In the GNN space we see stronger and more coherent geometric structure (lower triangle of matrix). Reaction classes that are chemically related, such as oxidations, elimination, and tautomerization, show high similarity and cluster together. Reverse transformations appear with strong negative alignment, for example between oxidation and its corresponding reduction reactions, and between Diels Alder formation and the oxidation that removes the double bond at the same center. Other interesting arrangements include the reverse alignment of nucleophilic addition of step amide hydrolysis with the nucleophilic leaving mechanism. Or the reverse alignment between elimination and cycloaddition or nucleophilic addition. Other entries fall closer to zero, reflecting reaction classes that create products unrelated in syntax and therefore occupy their own directions.
The Morgan fingerprint similarities (upper triangle of matrix) are weaker and noisier. Because this representation is global and molecule centered, it tends to emphasize overall structural overlap rather than the local change at the reaction center. Some broad patterns still appear once the reactant itself is removed from the neighbor set, but the relationships are less sharp than in the GNN space. This contrast highlights that atom centered GNN embeddings are better suited to capturing the syntax of reaction formulas, while traditional fingerprints behave more like coarse global descriptors.
Conclusions
Together, these results show that a graph neural network trained only on molecules, and never on reactions, still learns a latent space where chemical reactivity appears in a structured and interpretable form. Reaction classes map to consistent displacement vectors, chemically related transformations cluster, reverse reactions invert cleanly, and unrelated classes fall into orthogonal directions. This organization is far more coherent than what we observe with traditional Morgan fingerprints, whose discrete and non geometric nature cannot express transformation structure.

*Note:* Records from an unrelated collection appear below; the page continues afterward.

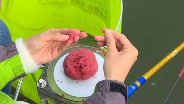在打揉的过程中,如果发现饵料不够软,还可以用手沾水,不断地滴撒在饵料上,然后再继续打揉,需要特别注意的是,每次沾水的量不能过多,以免破坏搓饵的状态。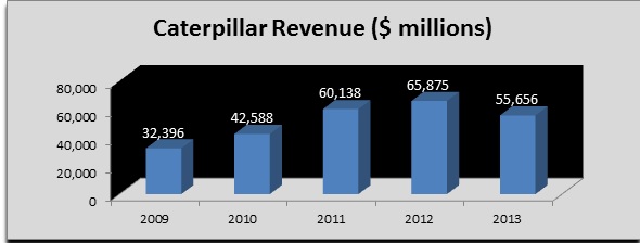 Caterpillar's revenue rose substantially year over year from 2009 until 2012, but in the last year the revenue plunged due to the slump in the mining industry. The decline affected revenue from Caterpillar's resource industries segment (which caters to mining), as sales of high margin mining equipment took a severe hit. However, the consistent performance of the construction and power segments in 2013 averted the dramatic revenue slide.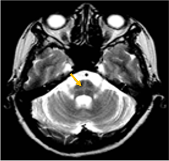 [다계통위축 환자의 뇌자기공명영상에서 확인되는 십자무늬빵 징후]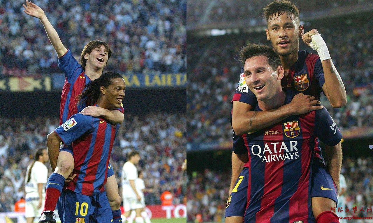 10年之前,一个巴西球王背着稚嫩的阿根廷人征战天下;10年之后,一个阿根廷球王背着稚嫩的巴西人征战天下,10年时光,小罗、梅西、内马尔上演足球史上最伟大的王者传承!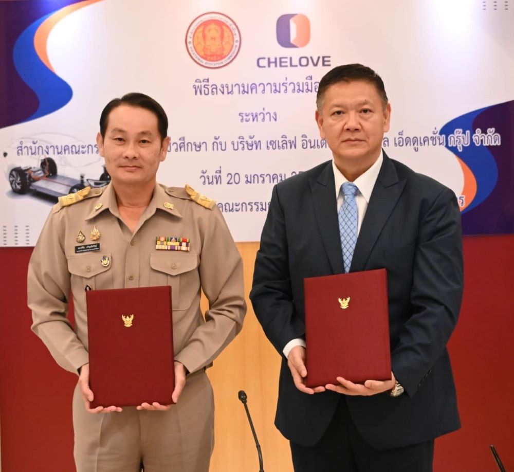 สอศ. จับมือ CHELOVE ยกระดับการศึกษายานยนต์พลังงานใหม่ มุ่งผลิตบุคลากรรองรับอุตสาหกรรมยานยนต์ในประเทศไทย พร้อมร่วมมือพันธมิตรพัฒนาหลักสูตรและจัดอบรมที่รับนักศึกษาได้ 1,000 คนต่อปี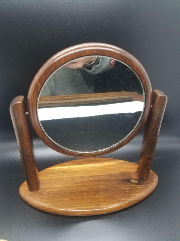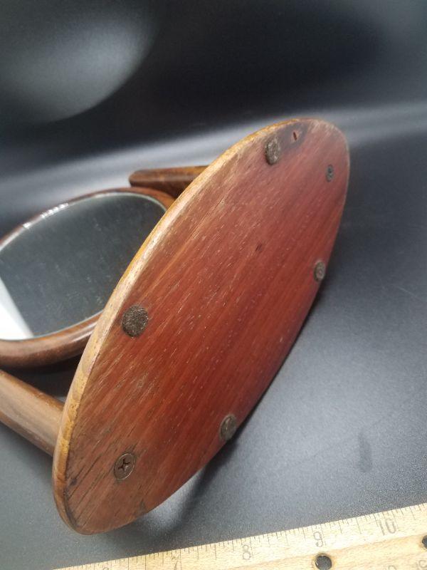 Look at your beautiful self, imperfections and all, with this vintage wood mirror.

The geometry uncovered here suggests that the model is capturing something closer to the “syntax” of chemical change rather than merely memorizing molecular fragments. The state function analogy helps frame this behavior: what matters in the representation is the shift from reactant to product, not the mechanistic path connecting them. This gives us a compact way to describe reactions as movements through latent space.
While approximate, this structure opens a door to richer reaction aware applications. Reaction vectors may help guide product prediction, support generative design along chemically meaningful directions, or serve as building blocks for synthesis planning frameworks grounded in continuous representations. These possibilities make clear that the latent spaces learned by GNNs contain far more actionable chemical knowledge than their training objectives alone would suggest.
Singular to Plural
Reduced to Oxidized
References
For those interested in diving deeper into the details, all connecting citations and results discussed in this post can be found in our full article: A. M. El-Samman and S. De Baerdemacker, “amide - amine + alcohol = carboxylic acid. Chemical reactions as linear algebraic analogies in graph neural networks,” ChemRxiv. 2024; doi:10.26434/chemrxiv-2024-fmck4. This reference provides a comprehensive exploration of how chemical reactions are modeled as linear algebraic analogies within the GNN decision-making framework. Be sure to check it out for the full breakdown!
Redox
Diels-Alder
Epoxide Ring-Opening
Multi-Step Transformations
As shown in the examples above, a reaction formula is analogous to a sentence in natural language. Reactants and reagents act as the “words,” the reaction arrow plays the role of the “verb,” and the products form the resulting “object.” Just as a sentence transforms meaning while preserving its structure, a chemical equation transforms matter under consistent chemical rules.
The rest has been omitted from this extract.